John: So, your chart here for your farm that shows 15 acres for 20 days rest, 22 acres to get 30 days rest, 32 acres for 45 days rest…
Troy: And you base that on the number of cows you have and all the things that you’ve planned in. And then at the end, this is all that you need. Now, let’s take the actual paddock sizes. You divide that by what you need and you get how many days are available in each of these 20 fields. That’s where this grazing chart basically comes alive.
Now, after all that maps, and the planning and the inventory and the goal setting and the hugging and all that stuff, now you have to implement it.
And that’s where the Grazing Chart comes in
Troy: The worksheet is the basis, but not the plan. This grazing chart is the live plan.
You’ve seen it online and my name’s sort of attached to it. It’s a piece of paper that basically has your paddocks/fields on one side and that has these squares that represent one day, and then at the top, there’s a date. Every square is a day.
Now based on this math, lets’ take paddock number one. It’s 4 acres and so our math says that we will have about 4 days available. Now I can look at it – in the early spring it doesn’t have 4 days available because it’s early. So right here on my chart, I’m planning 2 days. That’s the other part you have to plan around. To get around this whole farm in 20 days, you can’t keep them for the full time. You’ve got to move them quicker. Grass is growing fast and you want to get around and back to paddock 1. Otherwise you’re going to have prairie.
So we’re in optimization of animal performance and we’re also trying to build a staggered rotation. So you can see, you’ve got 2 days here in early May and early June we’re up to 3 days in paddock 1 and in July, I’m up to 4 days.
John: And you’ve got it stepped out into starting in paddock 1, the cows go through the farm and ten you start back on paddock 1 It’s sort of a sequential loop around the farm.
Troy: And you’re measuring your forage growth and you know you’re moving quick because you have a goal to get around the farm in 20 days. So you can’t spend too much time there.
So I already have all of the next rotation mapped out till Labor Day. WHAT?! Yeah! Because we know our inventory, we know what the growth rates are. What we don’t know is the future weather. What we do know is we have a good solar panel. We have good soil health. We have good lime. We’re going to have a few less cows and so I can build in more recovery time.
And by the way, we’re going on camping trips. So if you pan in here, you’ll see that the animals will stay in a paddock for a longer period, and not move. They’ll be in that big paddock for 5 days/a weekend/3 days. Turn them in, they go “Wow there’s a lot of feed here.” When you come back on Monday there’s still a lot of feed.

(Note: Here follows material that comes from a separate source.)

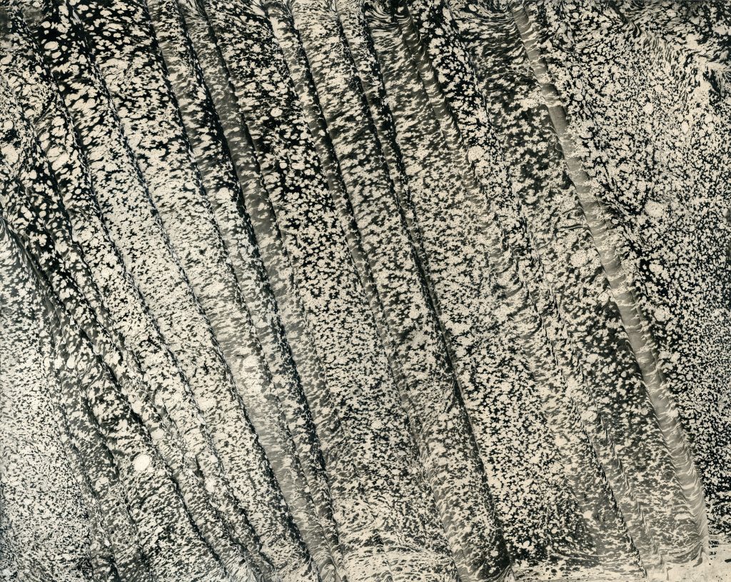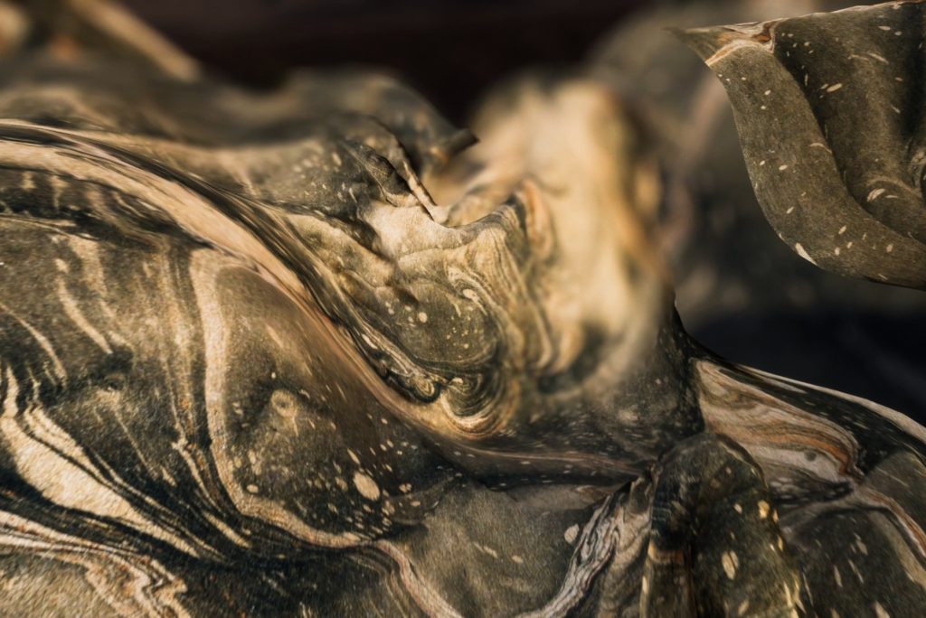 With her marbled papers Katarzyna Korzeniecka creates volatility, she fishes out moments. The ephemeral of a sheet of paper created with human gesture with a pattern that resembles deceptively a structure of a rock is closer to metaphysics of death than a stone.

We’ll that’s the object: to grow so much feed you don’t know even what to do with it. 🙂
Animals, then they optimize their happiness and performance to gain weight. And you optimize your happiness and performance by drinking a few beers at the campsite or playing in the pool with the kids. And you all come back on Monday and you’re super happy.
John: Happy and refreshed and there’s a freedom in that. I get told how hard farming is all the time.
Troy: Farming IS hard!
John: And I get told you must be there every single day. But planning for that time off makes it possible to establish your resources so you can leave. Sometimes those resources are people to cover the farm or sometimes its growing enough feed that the cows don’t want to get out. They’re happy just standing and doing what they’re doing.
Thinking About It
Your homework for March is not a breeze. It requires sitting down with paper and pencil, your grazing chart, your vision and goals, the questions we gave you to help think about your operation and management requirements.
Then you think. Maybe you pencil in some plans. Maybe you talk to your family about what fun things they’d like to include this summer.
Take your time, maybe try planning a week or ten days. You can add a little at a time, or fill it all in, erase what doesn’t work, and/or start all over.
Planning takes time. It’s a little messy. But don’t give up. It’s worth it!